The Costs of Justice in Domestic Violence Cases: Mapping Canadian Law and Policy
In Trevor Farrow & Les Jacobs, eds, The Justice Crisis: The Cost and Value of Accessing Law (Vancouver, UBC Press, 2020)
30 Pages Posted: 5 Jun 2020 Last revised: 8 Jun 2020
Date Written: May 11, 2020
Domestic violence cases in Canada present unique access to justice challenges due to complex power dynamics, structural inequality, and the reality that victims, offenders, and children must often navigate multiple legal systems to resolve multiple issues. The complexity of these cases has both personal and systemic impacts, and because women are the primary victims of domestic violence, these impacts are gendered and are heightened for marginalized women.

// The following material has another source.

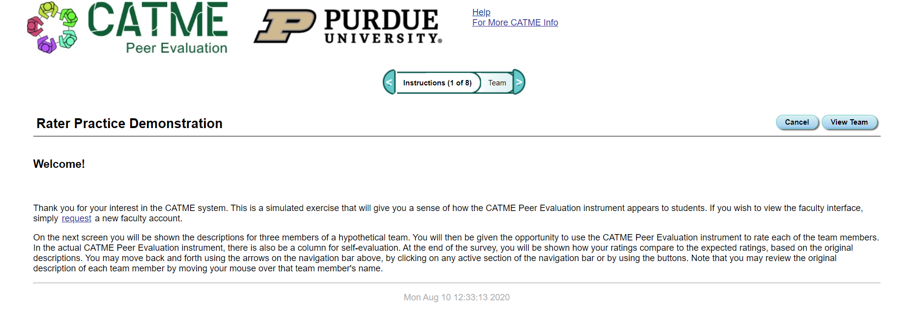 The CATME Rater Practice Program is a game-based rating simulation that provides you the opportunity to practice rating your peers. Your instructor might require you to do this practice before you start the actual survey.

Issues may also differ across Canadian provinces and territories and on First Nations reserves given the application of different laws, policies, and dispute resolution models. This paper explores how the access to justice crisis in Canada manifests in domestic violence cases. After reviewing the literature on access to justice and domestic violence, we map out and compare laws, government policies and justice system components affecting the parties in domestic violence cases across Canadian jurisdictions, highlighting the barriers in seeking justice that women and their children confront. We then use a hypothetical case study to explore how the complex interaction of these laws, policies, and processes may impact domestic violence victims. Our analysis is a first step towards identifying the systemic reforms necessary to enhance access to justice in domestic violence cases.